* [PROBLEM]: An exact copy is needed of the lines in the entries below from the line with "4 - أنه كان" up to and including the line with "도담삼봉이라는 이름은 ‘섬", and of nothing else. Leave the pictures out.

* [THE RECORDS]:
^^^^^^^^^^^^^^^^

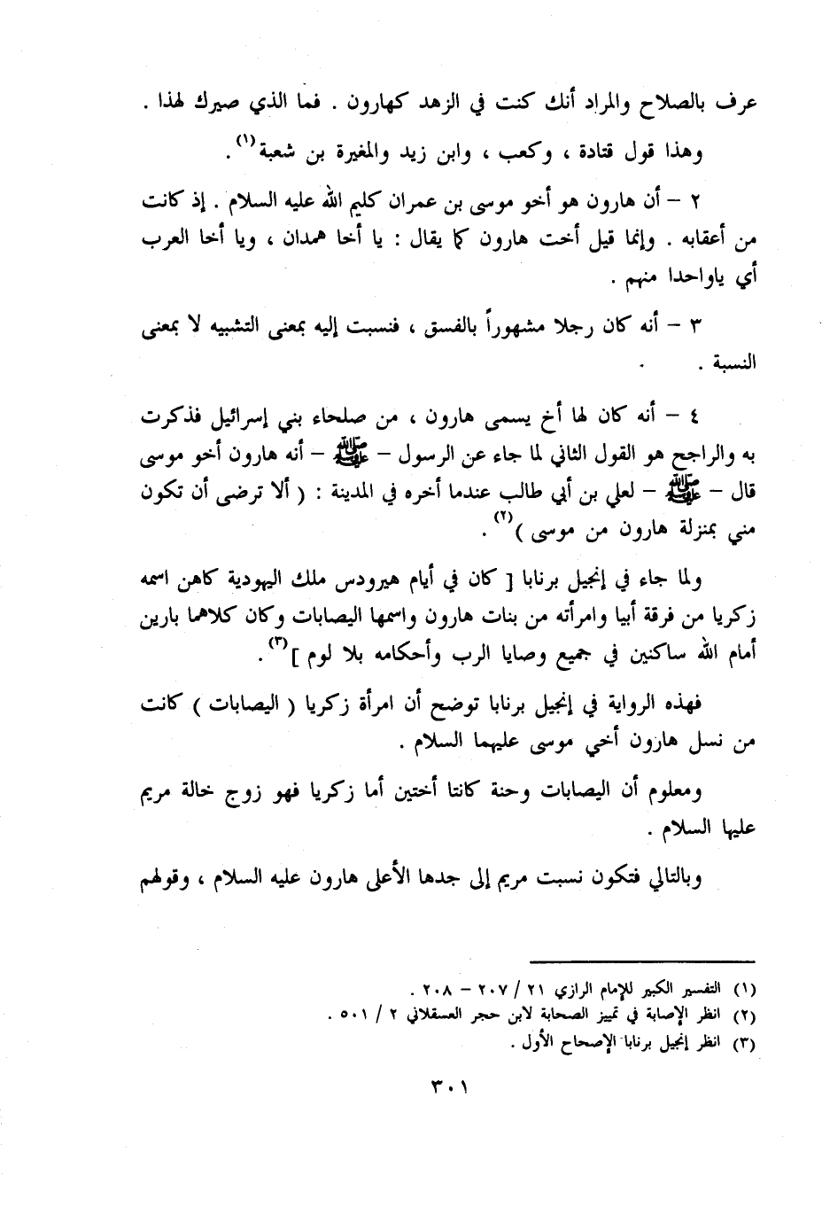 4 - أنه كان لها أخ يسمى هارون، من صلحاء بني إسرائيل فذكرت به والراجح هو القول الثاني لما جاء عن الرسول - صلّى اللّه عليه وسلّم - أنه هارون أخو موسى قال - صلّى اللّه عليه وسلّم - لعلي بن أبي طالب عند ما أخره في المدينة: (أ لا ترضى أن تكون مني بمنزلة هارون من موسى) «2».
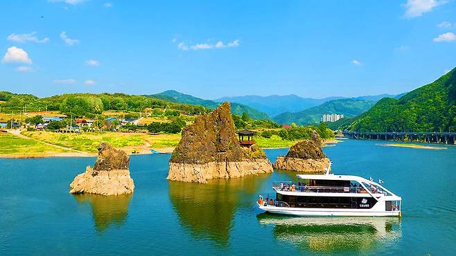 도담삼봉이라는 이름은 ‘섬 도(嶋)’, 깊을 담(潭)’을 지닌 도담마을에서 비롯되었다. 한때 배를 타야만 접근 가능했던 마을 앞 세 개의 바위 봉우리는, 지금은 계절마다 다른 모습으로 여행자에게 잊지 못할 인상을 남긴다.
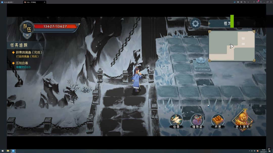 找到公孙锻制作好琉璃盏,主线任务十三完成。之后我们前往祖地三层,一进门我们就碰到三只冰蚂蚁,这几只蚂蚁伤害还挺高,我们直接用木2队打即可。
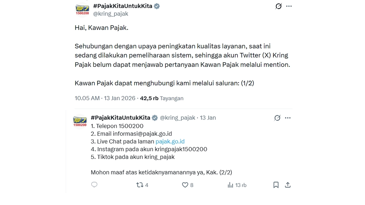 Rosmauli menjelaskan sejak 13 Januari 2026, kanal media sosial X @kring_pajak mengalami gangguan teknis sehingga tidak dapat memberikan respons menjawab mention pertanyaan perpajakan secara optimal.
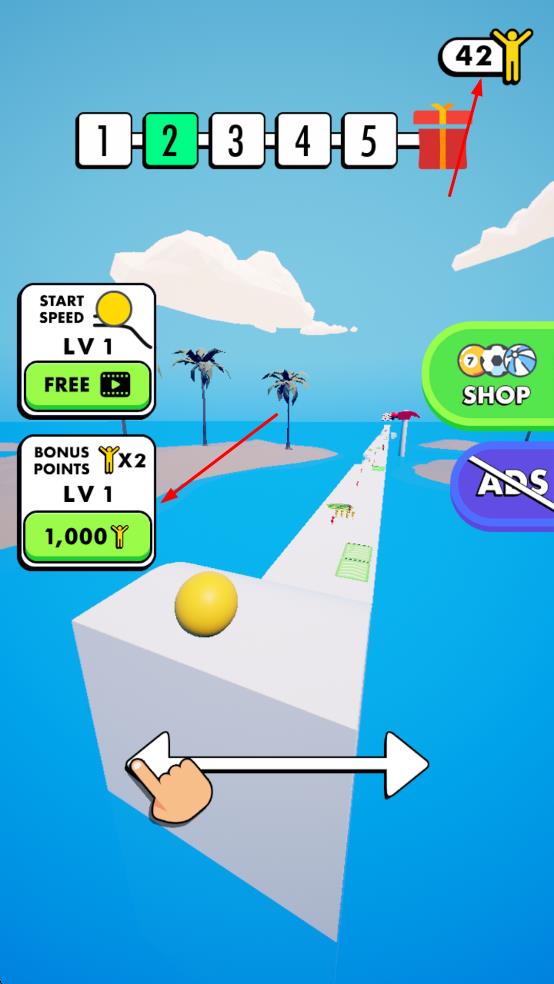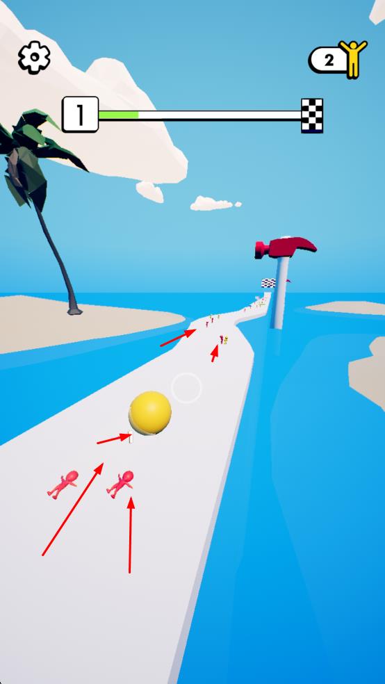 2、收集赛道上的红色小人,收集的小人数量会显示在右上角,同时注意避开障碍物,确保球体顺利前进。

^^^^^^^^^^^^^^^^

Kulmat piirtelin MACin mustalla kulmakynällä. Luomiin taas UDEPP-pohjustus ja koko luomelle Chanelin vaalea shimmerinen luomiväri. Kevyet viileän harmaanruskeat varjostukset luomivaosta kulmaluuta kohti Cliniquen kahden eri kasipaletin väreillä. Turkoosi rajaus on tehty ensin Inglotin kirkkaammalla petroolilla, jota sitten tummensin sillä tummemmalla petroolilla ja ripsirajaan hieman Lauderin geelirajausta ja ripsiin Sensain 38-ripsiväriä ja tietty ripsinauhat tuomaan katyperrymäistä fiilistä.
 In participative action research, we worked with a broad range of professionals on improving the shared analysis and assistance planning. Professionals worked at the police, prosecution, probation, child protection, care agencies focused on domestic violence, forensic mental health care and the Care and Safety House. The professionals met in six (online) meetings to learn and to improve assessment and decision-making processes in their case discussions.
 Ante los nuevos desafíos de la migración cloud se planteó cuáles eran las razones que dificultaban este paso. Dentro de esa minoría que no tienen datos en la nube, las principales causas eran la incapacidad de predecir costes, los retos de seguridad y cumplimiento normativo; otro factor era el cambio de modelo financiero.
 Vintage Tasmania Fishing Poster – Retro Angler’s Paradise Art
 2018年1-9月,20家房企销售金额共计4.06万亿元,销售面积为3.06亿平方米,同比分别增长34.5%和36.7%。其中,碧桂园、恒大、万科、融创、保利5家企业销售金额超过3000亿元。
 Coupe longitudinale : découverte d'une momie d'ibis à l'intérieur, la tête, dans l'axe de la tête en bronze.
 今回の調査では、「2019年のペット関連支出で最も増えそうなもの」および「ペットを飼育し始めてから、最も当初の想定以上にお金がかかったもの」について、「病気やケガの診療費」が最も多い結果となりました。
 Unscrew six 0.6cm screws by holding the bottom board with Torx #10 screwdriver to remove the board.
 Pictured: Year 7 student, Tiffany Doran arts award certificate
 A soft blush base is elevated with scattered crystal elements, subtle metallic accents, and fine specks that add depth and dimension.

^^^^^^^^^^^^^^^^

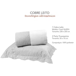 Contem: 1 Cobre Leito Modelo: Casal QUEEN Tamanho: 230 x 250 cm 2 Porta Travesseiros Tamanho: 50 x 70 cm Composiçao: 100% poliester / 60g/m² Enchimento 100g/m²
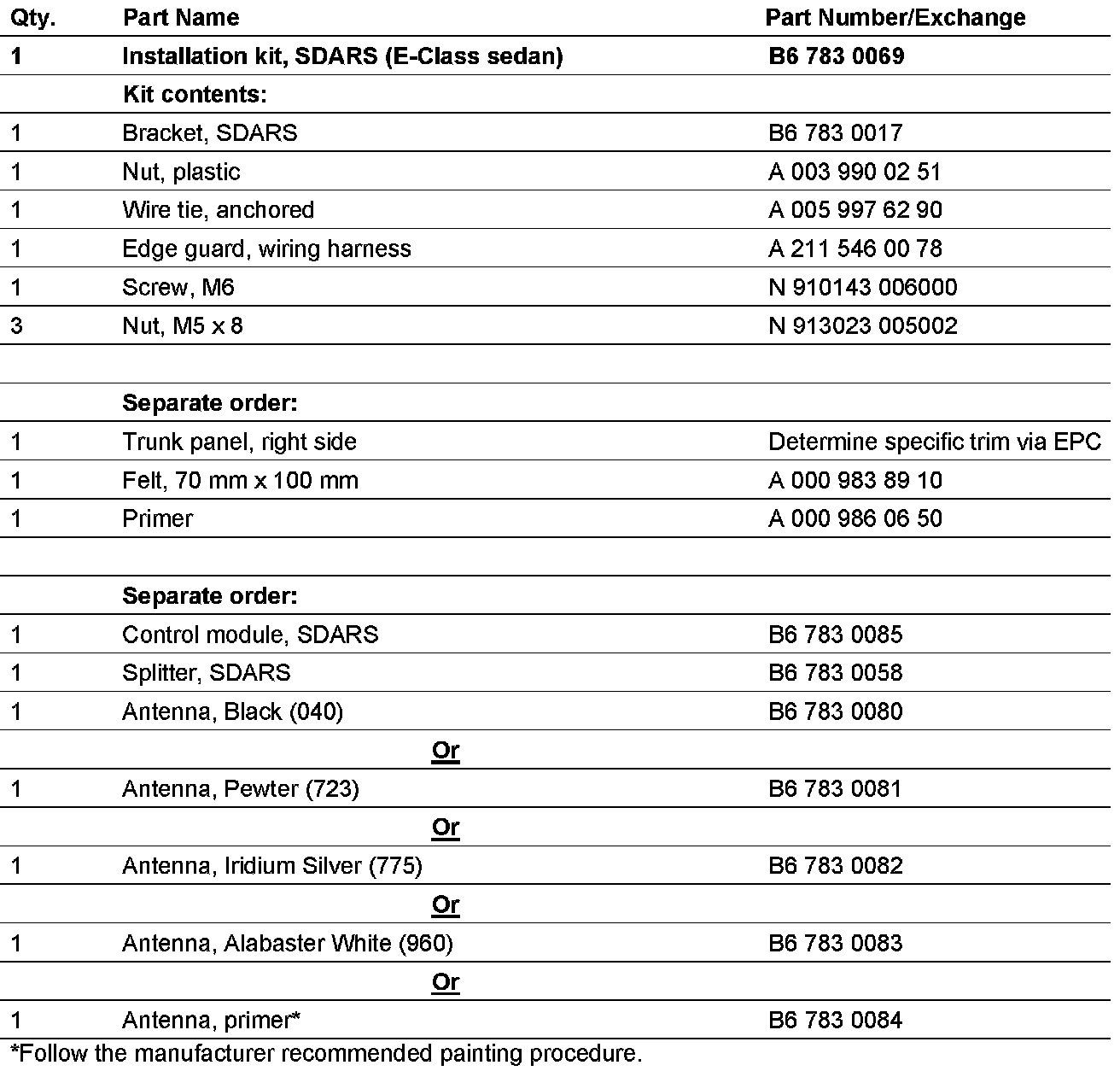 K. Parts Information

^^^^^^^^^^^^^^^^

* [RESULT]:
 4 - أنه كان لها أخ يسمى هارون، من صلحاء بني إسرائيل فذكرت به والراجح هو القول الثاني لما جاء عن الرسول - صلّى اللّه عليه وسلّم - أنه هارون أخو موسى قال - صلّى اللّه عليه وسلّم - لعلي بن أبي طالب عند ما أخره في المدينة: (أ لا ترضى أن تكون مني بمنزلة هارون من موسى) «2».
 도담삼봉이라는 이름은 ‘섬 도(嶋)’, 깊을 담(潭)’을 지닌 도담마을에서 비롯되었다. 한때 배를 타야만 접근 가능했던 마을 앞 세 개의 바위 봉우리는, 지금은 계절마다 다른 모습으로 여행자에게 잊지 못할 인상을 남긴다.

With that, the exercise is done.